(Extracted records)
--- START ---

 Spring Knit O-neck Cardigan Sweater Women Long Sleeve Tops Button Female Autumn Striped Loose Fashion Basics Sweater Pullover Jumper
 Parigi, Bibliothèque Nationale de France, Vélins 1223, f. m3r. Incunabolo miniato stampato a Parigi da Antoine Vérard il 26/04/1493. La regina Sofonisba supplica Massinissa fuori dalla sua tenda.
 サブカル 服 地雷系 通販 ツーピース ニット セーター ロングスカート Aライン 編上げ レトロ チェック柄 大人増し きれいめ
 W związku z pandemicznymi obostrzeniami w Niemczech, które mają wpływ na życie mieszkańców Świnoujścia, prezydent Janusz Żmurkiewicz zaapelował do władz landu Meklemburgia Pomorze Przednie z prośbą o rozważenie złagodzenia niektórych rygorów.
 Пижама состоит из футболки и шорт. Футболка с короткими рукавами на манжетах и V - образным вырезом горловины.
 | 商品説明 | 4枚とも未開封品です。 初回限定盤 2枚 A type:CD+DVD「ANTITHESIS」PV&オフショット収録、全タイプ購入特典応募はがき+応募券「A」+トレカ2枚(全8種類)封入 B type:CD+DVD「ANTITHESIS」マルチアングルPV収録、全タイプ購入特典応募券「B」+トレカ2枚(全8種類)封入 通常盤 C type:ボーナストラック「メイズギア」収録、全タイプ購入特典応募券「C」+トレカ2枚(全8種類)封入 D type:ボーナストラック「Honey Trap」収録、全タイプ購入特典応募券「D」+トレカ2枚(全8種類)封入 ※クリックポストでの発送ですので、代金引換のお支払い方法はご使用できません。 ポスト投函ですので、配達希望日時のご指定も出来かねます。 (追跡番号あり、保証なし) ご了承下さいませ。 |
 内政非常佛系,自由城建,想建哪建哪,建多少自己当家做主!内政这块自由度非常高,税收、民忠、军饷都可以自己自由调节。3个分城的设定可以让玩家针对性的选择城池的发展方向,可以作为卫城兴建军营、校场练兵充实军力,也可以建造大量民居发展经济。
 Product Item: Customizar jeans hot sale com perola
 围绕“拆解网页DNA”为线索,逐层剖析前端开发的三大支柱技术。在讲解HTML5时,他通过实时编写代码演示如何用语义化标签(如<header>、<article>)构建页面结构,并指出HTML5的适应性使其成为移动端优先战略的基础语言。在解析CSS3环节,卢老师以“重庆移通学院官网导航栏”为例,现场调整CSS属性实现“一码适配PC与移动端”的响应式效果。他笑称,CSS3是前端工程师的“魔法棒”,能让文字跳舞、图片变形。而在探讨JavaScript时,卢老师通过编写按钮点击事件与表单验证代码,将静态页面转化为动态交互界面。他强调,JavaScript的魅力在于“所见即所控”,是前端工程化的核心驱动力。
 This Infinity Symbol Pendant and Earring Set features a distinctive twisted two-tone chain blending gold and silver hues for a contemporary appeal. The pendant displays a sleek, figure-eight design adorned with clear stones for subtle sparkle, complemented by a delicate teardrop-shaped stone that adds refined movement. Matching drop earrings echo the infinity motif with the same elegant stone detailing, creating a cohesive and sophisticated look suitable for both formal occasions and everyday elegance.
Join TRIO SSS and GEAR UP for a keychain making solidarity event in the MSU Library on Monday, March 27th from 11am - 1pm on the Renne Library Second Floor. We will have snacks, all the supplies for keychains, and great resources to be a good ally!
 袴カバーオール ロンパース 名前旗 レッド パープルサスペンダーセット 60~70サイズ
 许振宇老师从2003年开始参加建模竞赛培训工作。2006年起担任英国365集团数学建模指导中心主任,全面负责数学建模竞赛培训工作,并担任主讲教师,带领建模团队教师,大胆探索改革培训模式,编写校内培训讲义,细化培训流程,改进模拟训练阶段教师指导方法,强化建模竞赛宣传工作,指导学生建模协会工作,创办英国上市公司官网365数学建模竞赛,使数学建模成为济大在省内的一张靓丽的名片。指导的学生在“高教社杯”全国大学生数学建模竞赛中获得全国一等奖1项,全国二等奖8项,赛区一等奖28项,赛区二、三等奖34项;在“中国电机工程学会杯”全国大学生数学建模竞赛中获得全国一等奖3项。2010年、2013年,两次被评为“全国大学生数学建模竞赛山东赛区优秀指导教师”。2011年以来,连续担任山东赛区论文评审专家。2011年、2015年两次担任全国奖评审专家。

--- END ---

**Aim of the task:** In full and without alteration, transcribe the entries above.

**Response to the exercise:**
 Spring Knit O-neck Cardigan Sweater Women Long Sleeve Tops Button Female Autumn Striped Loose Fashion Basics Sweater Pullover Jumper
 Parigi, Bibliothèque Nationale de France, Vélins 1223, f. m3r. Incunabolo miniato stampato a Parigi da Antoine Vérard il 26/04/1493. La regina Sofonisba supplica Massinissa fuori dalla sua tenda.
 サブカル 服 地雷系 通販 ツーピース ニット セーター ロングスカート Aライン 編上げ レトロ チェック柄 大人増し きれいめ
 W związku z pandemicznymi obostrzeniami w Niemczech, które mają wpływ na życie mieszkańców Świnoujścia, prezydent Janusz Żmurkiewicz zaapelował do władz landu Meklemburgia Pomorze Przednie z prośbą o rozważenie złagodzenia niektórych rygorów.
 Пижама состоит из футболки и шорт. Футболка с короткими рукавами на манжетах и V - образным вырезом горловины.
 | 商品説明 | 4枚とも未開封品です。 初回限定盤 2枚 A type:CD+DVD「ANTITHESIS」PV&オフショット収録、全タイプ購入特典応募はがき+応募券「A」+トレカ2枚(全8種類)封入 B type:CD+DVD「ANTITHESIS」マルチアングルPV収録、全タイプ購入特典応募券「B」+トレカ2枚(全8種類)封入 通常盤 C type:ボーナストラック「メイズギア」収録、全タイプ購入特典応募券「C」+トレカ2枚(全8種類)封入 D type:ボーナストラック「Honey Trap」収録、全タイプ購入特典応募券「D」+トレカ2枚(全8種類)封入 ※クリックポストでの発送ですので、代金引換のお支払い方法はご使用できません。 ポスト投函ですので、配達希望日時のご指定も出来かねます。 (追跡番号あり、保証なし) ご了承下さいませ。 |
 内政非常佛系,自由城建,想建哪建哪,建多少自己当家做主!内政这块自由度非常高,税收、民忠、军饷都可以自己自由调节。3个分城的设定可以让玩家针对性的选择城池的发展方向,可以作为卫城兴建军营、校场练兵充实军力,也可以建造大量民居发展经济。
 Product Item: Customizar jeans hot sale com perola
 围绕“拆解网页DNA”为线索,逐层剖析前端开发的三大支柱技术。在讲解HTML5时,他通过实时编写代码演示如何用语义化标签(如<header>、<article>)构建页面结构,并指出HTML5的适应性使其成为移动端优先战略的基础语言。在解析CSS3环节,卢老师以“重庆移通学院官网导航栏”为例,现场调整CSS属性实现“一码适配PC与移动端”的响应式效果。他笑称,CSS3是前端工程师的“魔法棒”,能让文字跳舞、图片变形。而在探讨JavaScript时,卢老师通过编写按钮点击事件与表单验证代码,将静态页面转化为动态交互界面。他强调,JavaScript的魅力在于“所见即所控”,是前端工程化的核心驱动力。
 This Infinity Symbol Pendant and Earring Set features a distinctive twisted two-tone chain blending gold and silver hues for a contemporary appeal. The pendant displays a sleek, figure-eight design adorned with clear stones for subtle sparkle, complemented by a delicate teardrop-shaped stone that adds refined movement. Matching drop earrings echo the infinity motif with the same elegant stone detailing, creating a cohesive and sophisticated look suitable for both formal occasions and everyday elegance.
Join TRIO SSS and GEAR UP for a keychain making solidarity event in the MSU Library on Monday, March 27th from 11am - 1pm on the Renne Library Second Floor. We will have snacks, all the supplies for keychains, and great resources to be a good ally!
 袴カバーオール ロンパース 名前旗 レッド パープルサスペンダーセット 60~70サイズ
 许振宇老师从2003年开始参加建模竞赛培训工作。2006年起担任英国365集团数学建模指导中心主任,全面负责数学建模竞赛培训工作,并担任主讲教师,带领建模团队教师,大胆探索改革培训模式,编写校内培训讲义,细化培训流程,改进模拟训练阶段教师指导方法,强化建模竞赛宣传工作,指导学生建模协会工作,创办英国上市公司官网365数学建模竞赛,使数学建模成为济大在省内的一张靓丽的名片。指导的学生在“高教社杯”全国大学生数学建模竞赛中获得全国一等奖1项,全国二等奖8项,赛区一等奖28项,赛区二、三等奖34项;在“中国电机工程学会杯”全国大学生数学建模竞赛中获得全国一等奖3项。2010年、2013年,两次被评为“全国大学生数学建模竞赛山东赛区优秀指导教师”。2011年以来,连续担任山东赛区论文评审专家。2011年、2015年两次担任全国奖评审专家。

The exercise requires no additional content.